How Google’s DeepMind Tool is Transforming Tropical Cyclone Prediction with Rapid Pace

As Developing Cyclone Melissa was churning off the coast of Haiti, meteorologist Philippe Papin had confidence it was about to escalate to a monster hurricane.

Serving as primary meteorologist on duty, he predicted that in just 24 hours the weather system would become a severe hurricane and begin a turn in the direction of the coast of Jamaica. No forecaster had previously made such a bold prediction for rapid strengthening.

However, Papin had an ace up his sleeve: AI technology in the guise of the tech giant’s new DeepMind cyclone prediction system – released for the initial occasion in June. True to the forecast, Melissa did become a system of astonishing strength that tore through Jamaica.

Increasing Reliance on AI Predictions

Meteorologists are increasingly leaning hard on Google DeepMind. On the morning of 25 October, Papin clarified in his official briefing that the AI tool was a primary reason for his confidence: “Roughly 40/50 Google DeepMind ensemble members show Melissa becoming a most intense storm. While I am unprepared to forecast that intensity at this time given path variability, that remains a possibility.

“There is a high probability that a phase of quick strengthening will occur as the system drifts over exceptionally hot sea temperatures which is the most extreme oceanic heat content in the whole Atlantic basin.”

Outperforming Conventional Systems

Google DeepMind is the first AI model focused on hurricanes, and currently the initial to outperform traditional meteorological experts at their own game. Across all tropical systems this season, the AI is top-performing – even beating human forecasters on track predictions.

Melissa eventually made landfall in Jamaica at maximum intensity, one of the strongest landfalls recorded in nearly two centuries of record-keeping across the region. The confident prediction likely gave people in Jamaica additional preparation time to get ready for the catastrophe, potentially preserving lives and property.

How Google’s System Functions

Google’s model works by spotting patterns that traditional time-intensive physics-based prediction systems may overlook.

“They do it far faster than their physics-based cousins, and the processing requirements is more affordable and demanding,” stated Michael Lowry, a former forecaster.

“What this hurricane season has demonstrated in quick time is that the recent artificial intelligence systems are on par with and, in certain instances, superior than the slower physics-based weather models we’ve relied upon,” he added.

Clarifying Machine Learning

It’s important to note, the system is an instance of AI training – a method that has been used in data-heavy sciences like meteorology for a long time – and is distinct from generative AI like ChatGPT.

AI training takes mounds of data and pulls out patterns from them in a manner that its model only requires minutes to generate an answer, and can operate on a standard PC – in strong contrast to the primary systems that authorities have utilized for years that can require many hours to run and need some of the biggest supercomputers in the world.

Expert Responses and Upcoming Developments

Nevertheless, the reality that Google’s model could exceed previous gold-standard legacy models so rapidly is truly remarkable to weather scientists who have dedicated their lives trying to forecast the most intense weather systems.

“It’s astonishing,” said James Franklin, a retired forecaster. “The data is now large enough that it’s evident this is not just chance.”

Franklin said that although Google DeepMind is outperforming all competing systems on predicting the future path of storms worldwide this year, like many AI models it sometimes errs on extreme strength forecasts inaccurate. It struggled with another storm earlier this year, as it was similarly experiencing rapid intensification to maximum intensity north of the Caribbean.

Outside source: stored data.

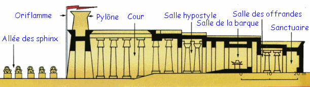 5- Pylônes est l'élément le plus massif. Le pharaon utilise donc cet espace pour sa gloire et sa propagande. la façade et l'entrée du temple. Ses deux tours rectangulaires dont les murs sont obliques encadrent la porte de granite du temple
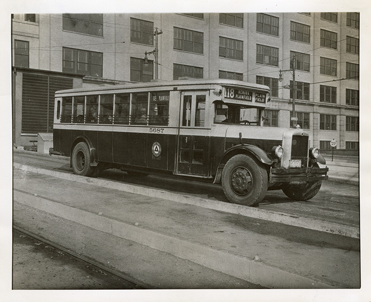 View of a Yellow Coach bus for Public Service Coordinated Transport at Newark, New Jersey. Handwritten on back: "Yellow Coach ZAAAP. #5687. Newark, NJ, 1931. Public Service Coordinated Transport of NJ."
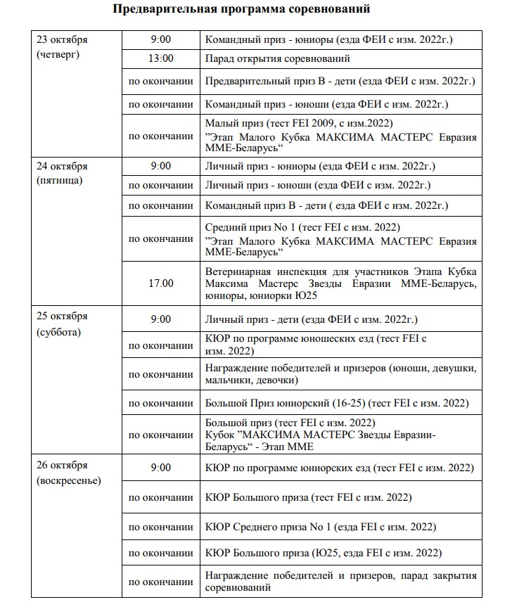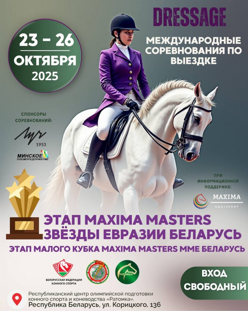 С 23 по 26 октября на базе учреждения «Республиканский центр олимпийской подготовки конного спорта и коневодства» вновь пройдут международные соревнования «Этап Максима Мастерс Звезды Евразии» и «Этап Малого Кубка Евразии», а также международные соревнования по выездке среди юниоров, юношей и детей.
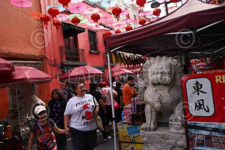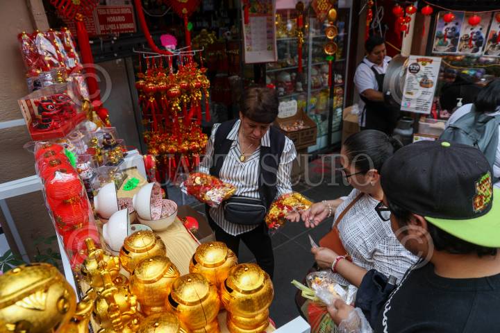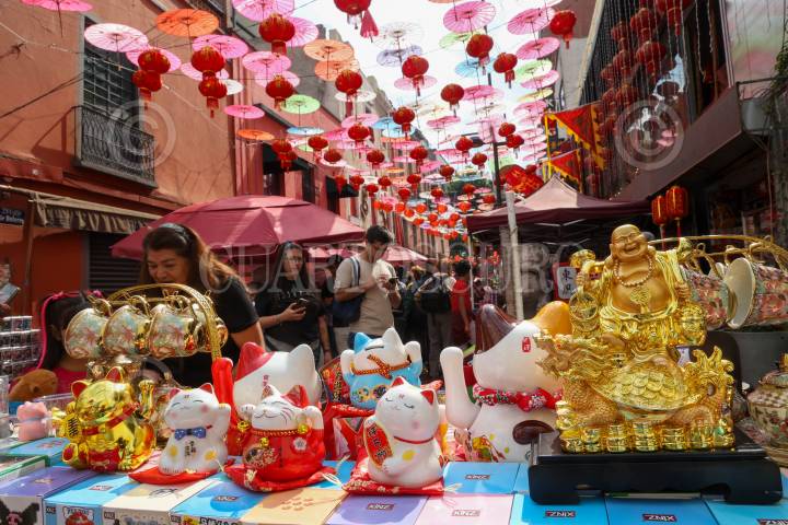 CIUDAD DE MÉXICO, 19ENERO2025.- Los comercios del Barrio Chino, ubicado en la calle de Dolores en el Centro, se encuentra listo para celebrar el Año Nuevo Chino, que este año festejarán a la serpiente de madera. Los puestos de dumplings, souvenirs y comida se encuentran al cien para recibir a los miles de visitantes que acuden a este festejo, que también incluye danza y música. FOTO: MOISÉS PABLO/CUARTOSCURO.COM
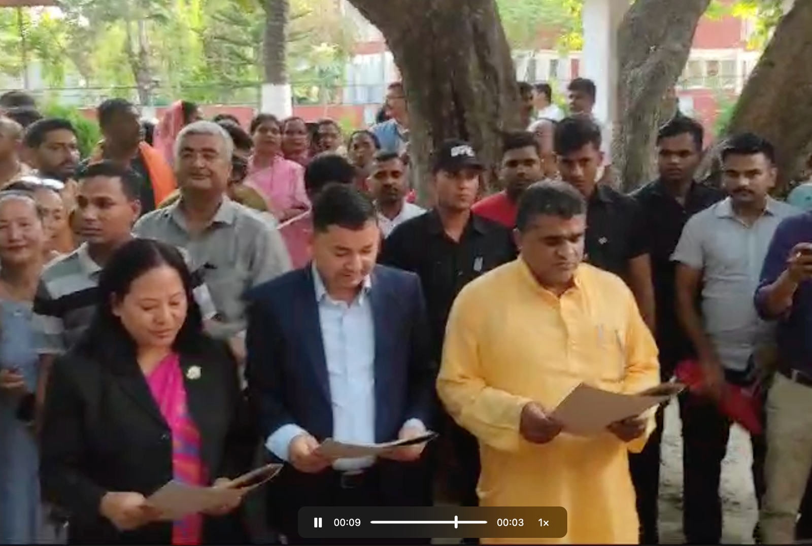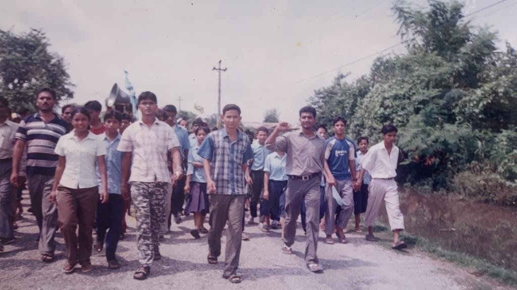 Started full-fledged student politics at the age of 13 from Durga Madhyamik Vidyalaya. He was elected and appointed as the Ikaai Committee Adhyaksha. While the given photo is not from that exact moment, but it is from around the moments clicked with Rajan Dahal and other party cadres in Rautahat District.
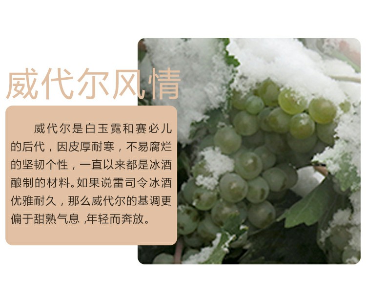 綠靛冰白葡萄酒係大自然珍貴嘅礼物,採用北緯41度嘅本溪恒仁冰酒產區嘅威爾代葡萄品種為原料,並喺年年12月未,氣候喺- 8摄氏度嘅條件下省、壓榨而成,色澤呈金黃色,具有花果、蜂蜜及熱帶生果嘅香氣,口感潤甜,酸度平衡、餘香持久。
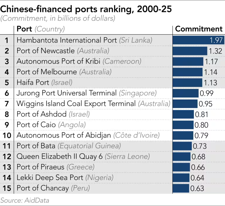 Trung Quốc đã cung cấp 23,9 tỷ USD dưới dạng viện trợ và các cam kết cho vay để phát triển 168 cảng biển tại 90 quốc gia trong giai đoạn từ năm 2000 đến 2025, theo báo cáo của AidData (Mỹ).

In the coming offseason, he said he plans to discuss with the company about how it can enhance the AI results even more helpful for experts by providing additional internal information they can utilize to assess the reasons it is producing its answers.

“A key concern that troubles me is that although these predictions seem to be really, really good, the results of the system is kind of a black box,” said Franklin.

Broader Sector Trends

There has never been a private, for-profit company that has produced a high-performance forecasting system which grants experts a view of its methods – in contrast to most other models which are offered free to the general audience in their full form by the authorities that created and operate them.

Google is not the only one in adopting artificial intelligence to solve difficult meteorological problems. The authorities also have their respective artificial intelligence systems in the works – which have demonstrated better performance over earlier traditional systems.

Future developments in artificial intelligence predictions seem to be new firms taking swings at previously difficult problems such as sub-seasonal outlooks and improved early alerts of severe weather and flash flooding – and they are receiving US government funding to pursue this. One company, WindBorne Systems, is also launching its proprietary atmospheric sensors to address deficiencies in the US weather-observing network.

Paul Baker
Paul Baker

A passionate traveler and outdoor enthusiast, Elara shares her adventures and insights to inspire others to explore the world.